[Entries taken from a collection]
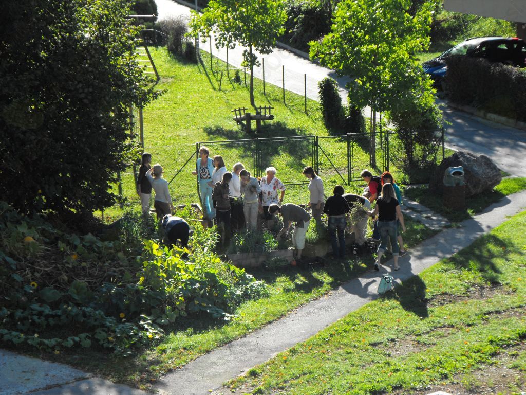 Zeliščni vrtiček v obliki devetih sončnih žarkov je zasnovala študentka Biotehniškega centra Naklo Nina Poljanec in ob pomoči prijateljev tudi oblikovala. Vrtiček smo zasadile z zelišči, precej smo jih prinesle same, nekaj pa so nam jih dobrovoljno donirali iz okoliških cvetličarn, poleg tega pa smo spet posadili buče, pa nekaj fižola, zelje in dišavnice. V mesecu maju smo pripravile še izmenjavo sadik, ki se je spet razpletla v živahen, ploden dogodek.
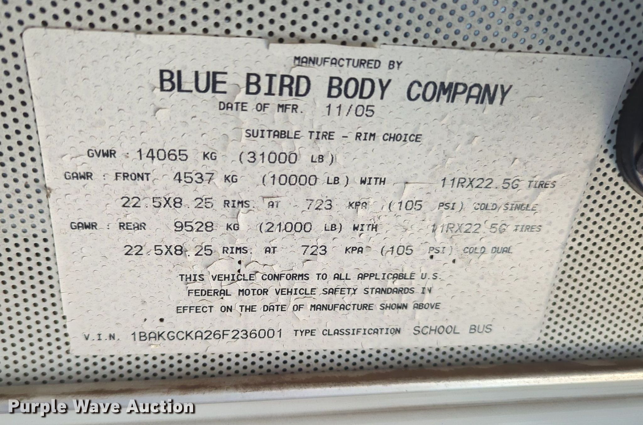 Purple Wave is selling a used Bus in Oklahoma. This item is a 2006 Blue Bird Vision school bus with the following: Miles: 80,318 on odometer, Hours: 5,603 on meter, VIN: 1BAKGCKA26F236001
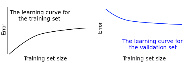因此我们会监控两个误差得分:一个针对训练集,另一个针对验证集。如果我们把两个误差得分随着训练集的改变画出来,最终我们会得到两个曲线。它们被称为学习曲线。
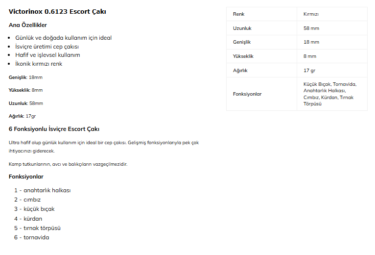 Victorinox 0.6123 Escort, İsviçre üretimi klasik bir cep çakısıdır.
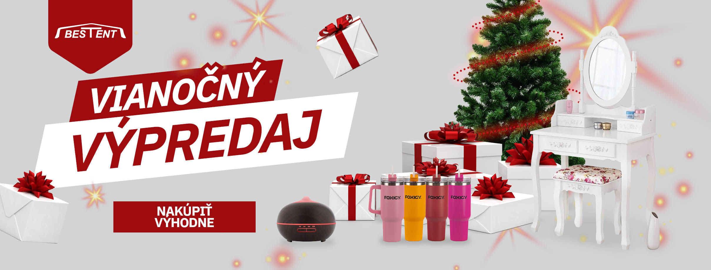 🎄 Vianočný výpredaj na Bestent.sk je tu! Nájdite perfektné darčeky pre každého člena rodiny – darček pre mamu, otca, muža, ženu, sestru či deti. Objavte najhustejšie umelé vianočné stromčeky, výzdobu, svetielka, elegantné toaletné stolíky, praktické termohrnčeky aróma difuzéry pre útulnú atmosféru a mnoho ďalších produktov za výhodné ceny. Hľadáte darček pre kamarátku, starú mamu alebo kolegu? U nás nájdete široký výber nápadov, ktoré potešia každého. Kvalitné produkty, skvelé ceny a rýchle doručenie až k vám domov! Nakupujte ešte dnes na Bestent.sk a užite si pokojné Vianoce bez stresu.
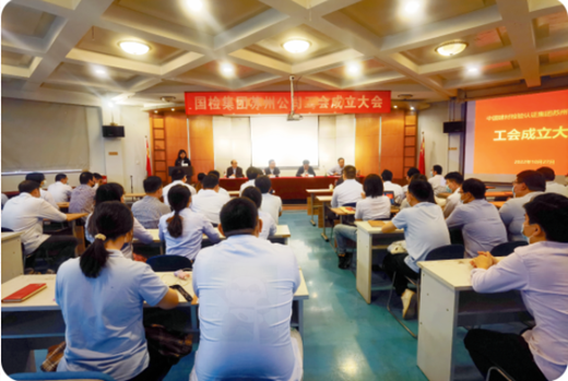 10月27日下午,中國建材檢驗認證集團蘇州有限公司隆重召開工會成立大會。會議由蘇州公司黨支部書記王瀾主持,虎丘街道黨工委副書記、工聯會主席孫大權、姑蘇區總工會基層工作部部長姜達震、屬地社區書記等領導蒞臨指導,朱德明、彭超、王瀾及全體工會會員近七十人參加會議。
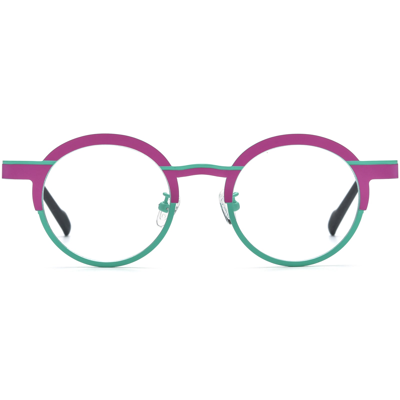 These eye-catching geometric frames offer a round lens shape crafted from high-quality titanium, ensuring lightweight durability. The distinctive double-layer design features a bold browline and keyhole bridge, creating a unique aesthetic. Cut-out details on the temple arms add an extra modern touch, while the frames come in vibrant dual-tone colors for a striking look. Equipped with adjustable nose pads for added comfort and a secure fit, these glasses are perfect for those looking to make a statement with their eyewear.
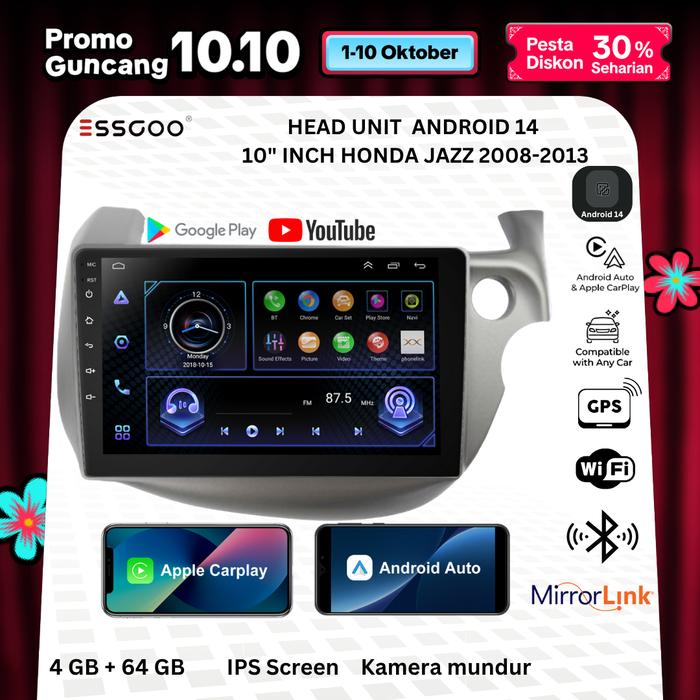 [Star]ESSGOO Head Unit 4G+64G Android 14 Untuk Honda Jazz 2008 - 2013 Termasuk Frame/PNP Soket 10 Inch - 10"2+32+Frame+P
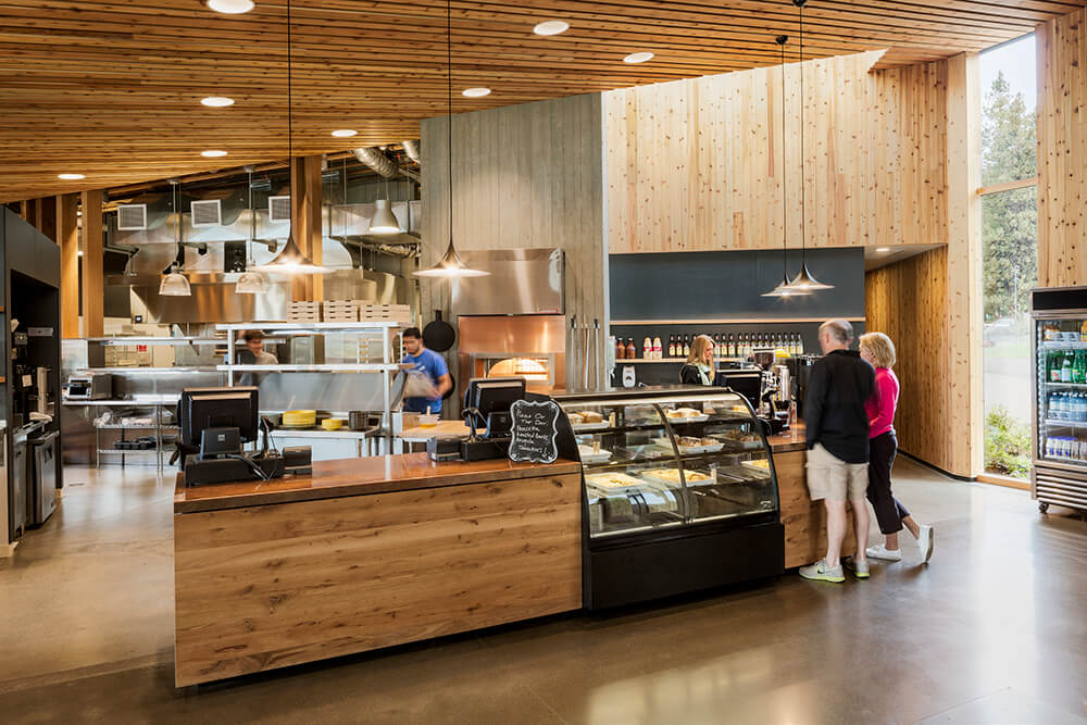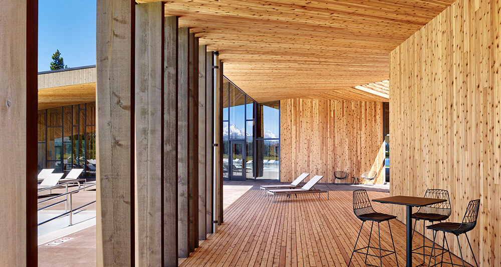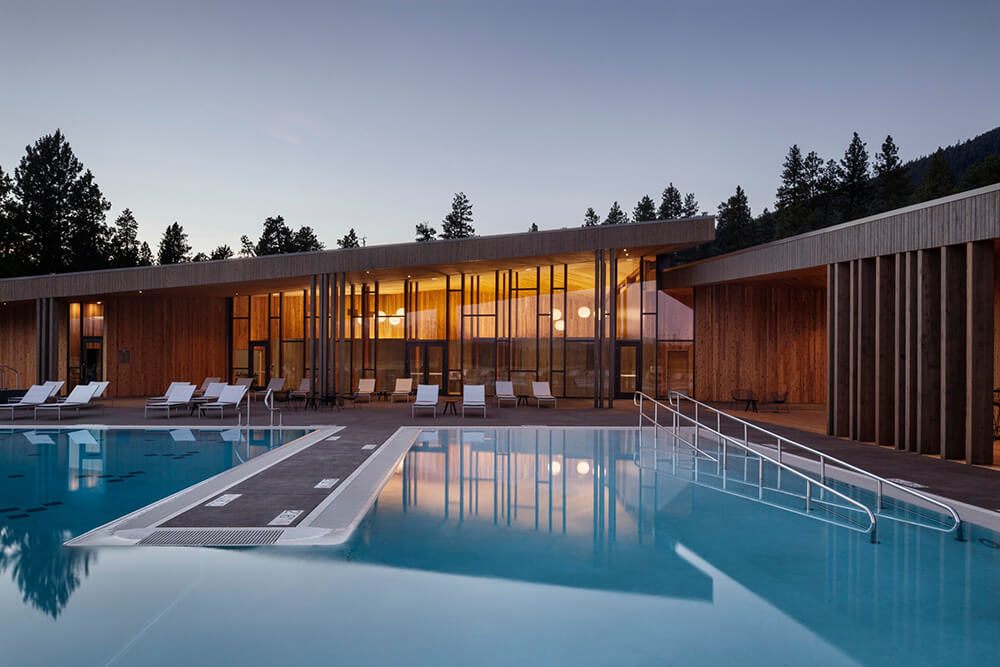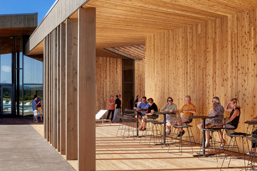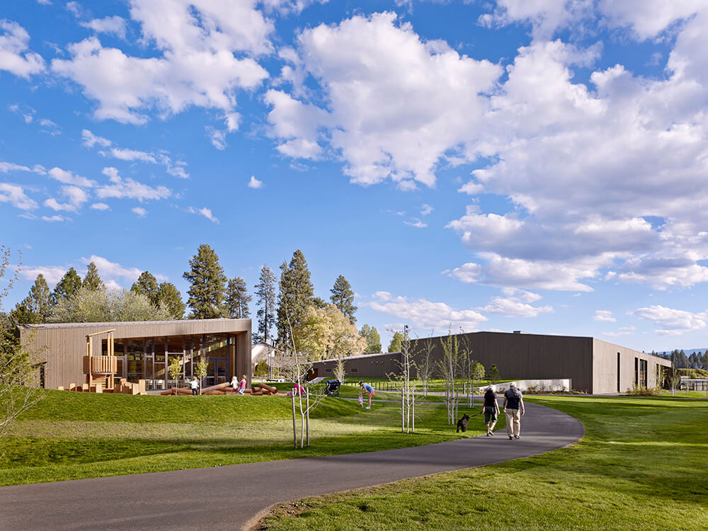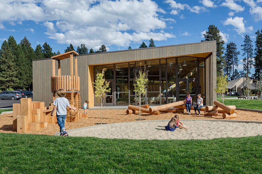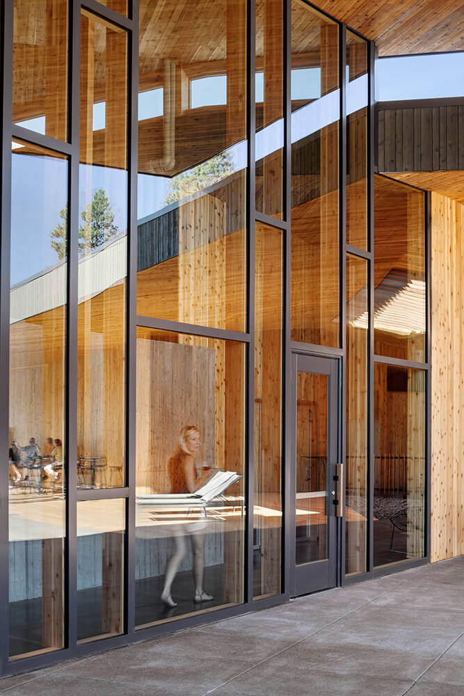 Black Butte Ranch – an iconic resort community located near Sisters, Oregon – sits at the gateway to Oregon’s high desert. First planned in the early 1970s, the Ranch is a vacation destination for many, and a year-round home for some. The new 15,000-square-foot “Lakeside” replaces the well-worn main pool facility and revives the “heart” of the Ranch. The two buildings house a Bistro with indoor and outdoor seating, an outdoor pool and hot tub, locker rooms, a fitness room, an activity center for kids and teenagers, and an outdoor play area for kids. The design set out to do three things: evolve the legacy of Pacific Northwest regional modernism at the Ranch, intensify the connection to the landscape, and enhance the user experience.
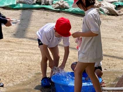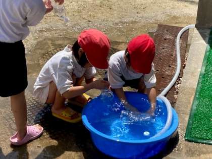 水をかけあったり、的あてをしたりして、水遊びを楽しみました。
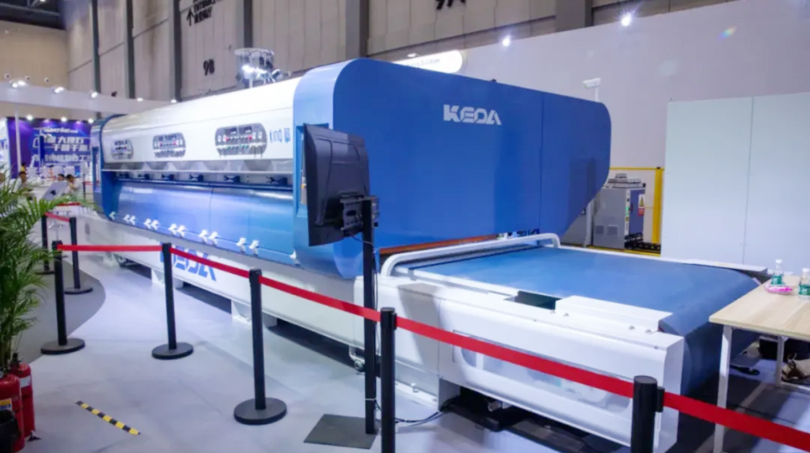 科達的新一代擎系列高效智能磨邊機,其工作寬度涵蓋150-3600mm,磚坯加工厚度從3mm到40mm;推磚速度超過了100片/分鐘,對角線誤差≤0.3mm(以400×800mm為例);還應用了集成磨削量測量、AI算法技術及直驅節電技術,使得磨邊精度高,產品優等率達99.7%以上。
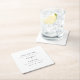 Moderner Save the Date Untersetzer mit minimalem Design mit schwarzen Details auf weißem Hintergrund. Ein schlichtes und modernes Design, das für eine minimalistische Hochzeit ideal ist.
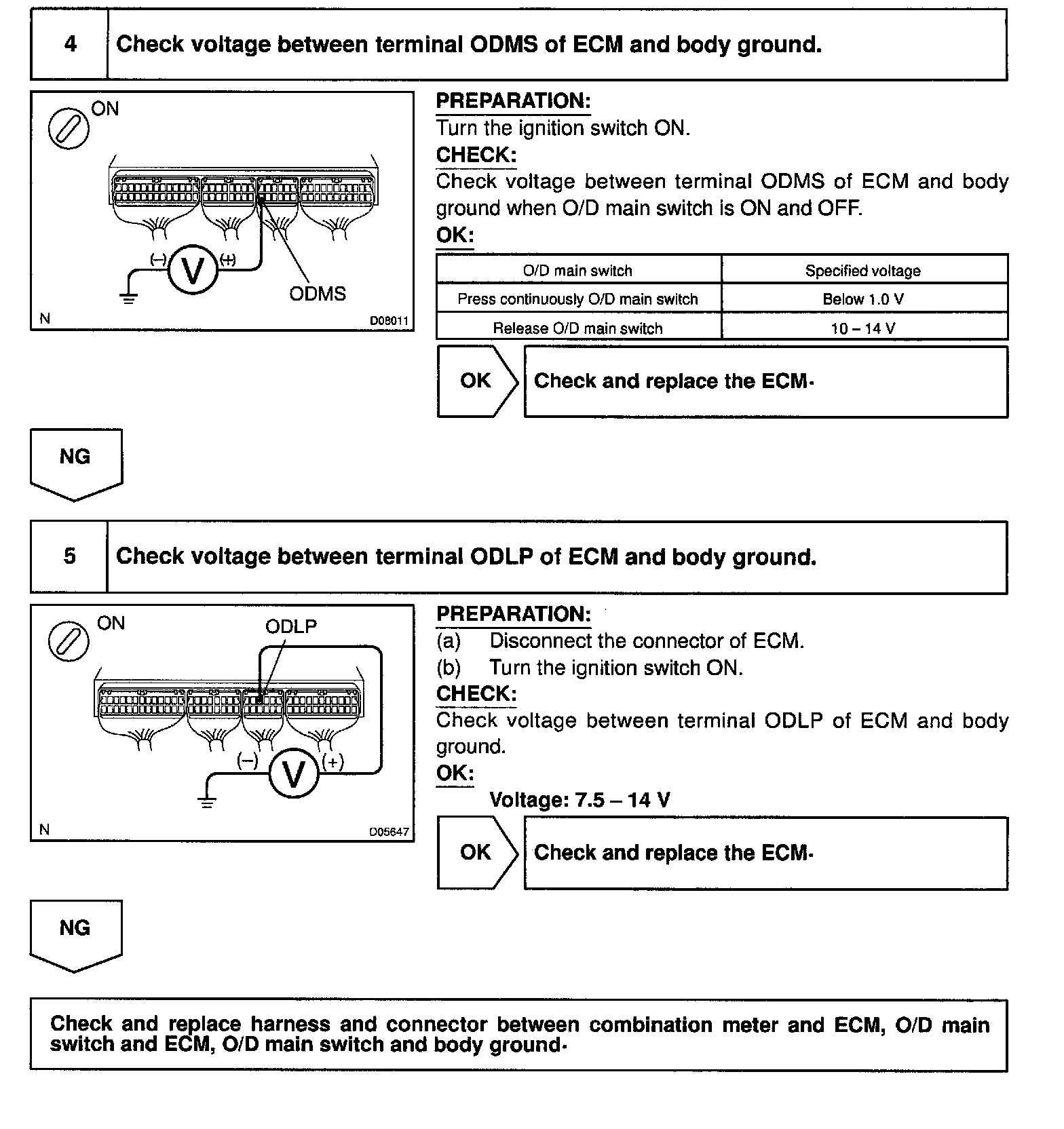 The O/D main switch is a momentary type switch. When pressing the O/D main switch, the O/D OFF indicator

**TASK BRIEF:**
Your copy should hold the lines from the one with "因此我们会监控两个误差得分:一个针对训练" up to and including the one with "10月27日下午,中國建材檢", exactly as in the data above, and no pictures.

**ANSWER:**
因此我们会监控两个误差得分:一个针对训练集,另一个针对验证集。如果我们把两个误差得分随着训练集的改变画出来,最终我们会得到两个曲线。它们被称为学习曲线。
 Victorinox 0.6123 Escort, İsviçre üretimi klasik bir cep çakısıdır.
 🎄 Vianočný výpredaj na Bestent.sk je tu! Nájdite perfektné darčeky pre každého člena rodiny – darček pre mamu, otca, muža, ženu, sestru či deti. Objavte najhustejšie umelé vianočné stromčeky, výzdobu, svetielka, elegantné toaletné stolíky, praktické termohrnčeky aróma difuzéry pre útulnú atmosféru a mnoho ďalších produktov za výhodné ceny. Hľadáte darček pre kamarátku, starú mamu alebo kolegu? U nás nájdete široký výber nápadov, ktoré potešia každého. Kvalitné produkty, skvelé ceny a rýchle doručenie až k vám domov! Nakupujte ešte dnes na Bestent.sk a užite si pokojné Vianoce bez stresu.
 10月27日下午,中國建材檢驗認證集團蘇州有限公司隆重召開工會成立大會。會議由蘇州公司黨支部書記王瀾主持,虎丘街道黨工委副書記、工聯會主席孫大權、姑蘇區總工會基層工作部部長姜達震、屬地社區書記等領導蒞臨指導,朱德明、彭超、王瀾及全體工會會員近七十人參加會議。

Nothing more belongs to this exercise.